I'm no expert when it comes to architectural salvage but everyone I showed it too thinks its really old , I was thinking 1920's or 30's art deco era but I found a local history book that talks about this hotel and its goes back much further to 1890's . also mentions that they specially were targeting the upper crust and used high end woods and such in the hotel design . 


it has no markings or anything that indicates who made it or when , its fairly large around 11 inches tall and 2 1/2 wide . the key hole in it is clearly for an older style key . 

there is numerous designs on it , including an "owl " , the sun , flowers/plants , vases , a thistle .


----------



## Old Wiltshire (Jul 15, 2018)

-

Possibly more Art Nouveau/Arts & Crafts rather than Art Deco?

​


----------



## RCO (Jul 15, 2018)

Old Wiltshire said:


> -
> 
> Possibly more Art Nouveau/Arts & Crafts rather than Art Deco?
> 
> ​





according to Wikipedia " art nouveau " was popular between 1890-1910 , which would of been the early days of this hotel 


also I haven't made any attempts to clean it , this was pretty much what it looked like when I found it


----------



## Robby Raccoon (Jul 15, 2018)

I agree with Old Wiltshire. Art Nouveau was most popular then in Europe, but it was still very strong in America (and, we assume, Canada) in the 1920s. Art Deco is more of a later 1920s movement.

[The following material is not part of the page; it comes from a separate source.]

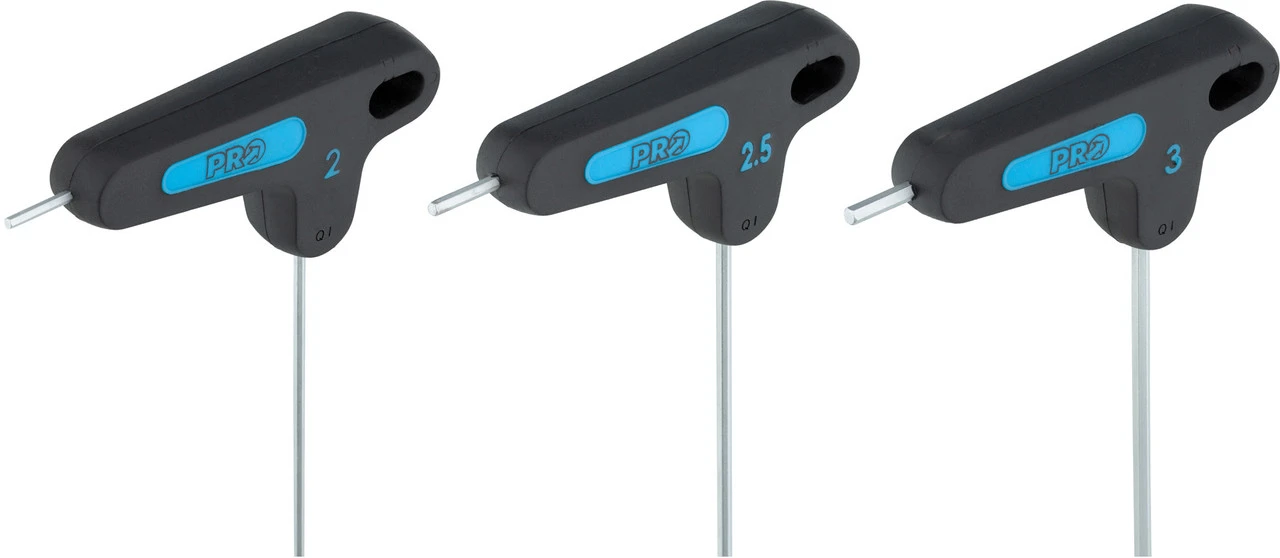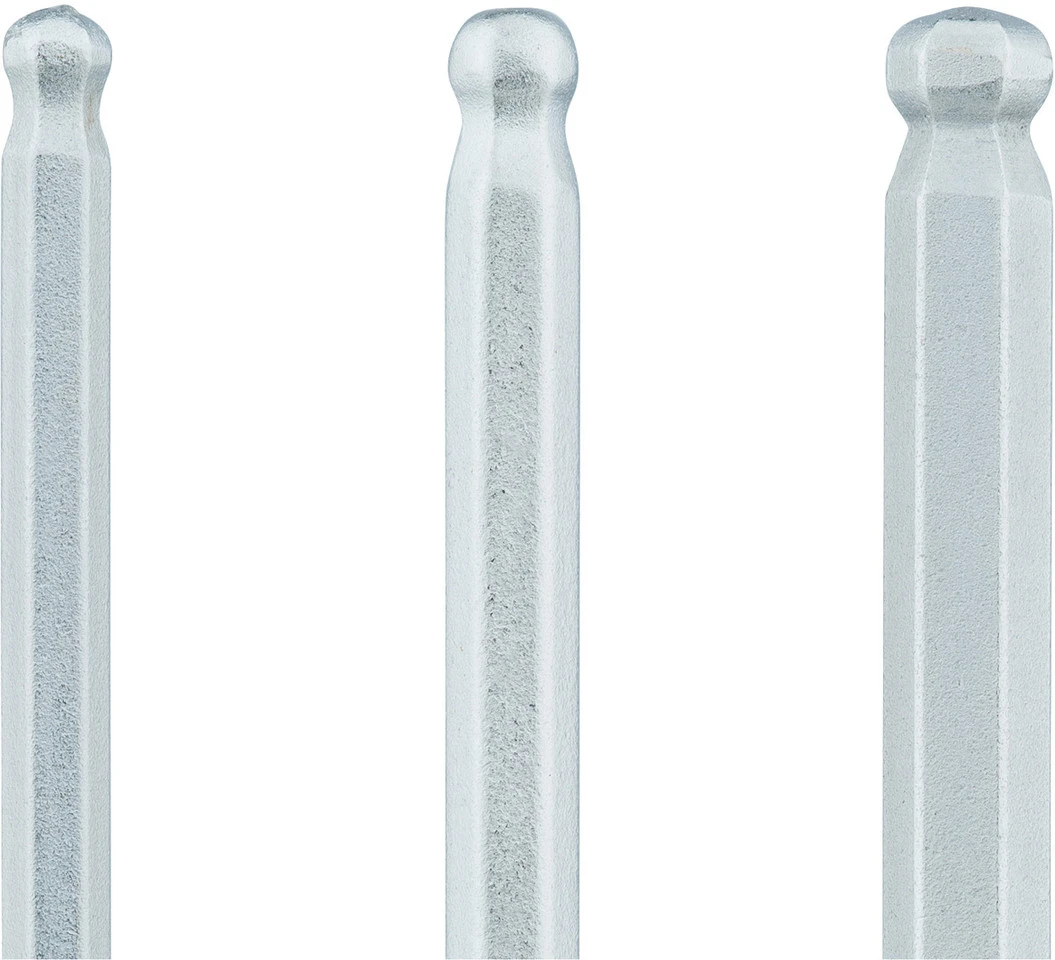 El set de llaves hexagonales PRO de tres piezas con cabeza esférica en tamaños de 2, 2,5 y 3 mm está fabricado de acero robusto y recubierto de cromo.

My room is full of Art Nouveau stuff and is set for 1918. Art Deco dominated the 1930s.


----------



## historic-antiques (Jul 18, 2018)

Beautiful designs!!  You don't find such craftsmanship today!!  Great find, and probably worth money (house remodeler or decorator especially)


----------



## RCO (Jul 18, 2018)

historic-antiques said:


> Beautiful designs!!  You don't find such craftsmanship today!!  Great find, and probably worth money (house remodeler or decorator especially)




the detail and craftsmanship are clear indicators of its age , we just don't make stuff like this today . its to bad there isn't some markings on it which name a company as a way to date and trace it to its maker 

really have no clue as to its value , was going to try and gently clean it up a bit , see if some of the rust and stains come off 

but at this points its a neat souvenir of a vintage and long forgotten hotel


----------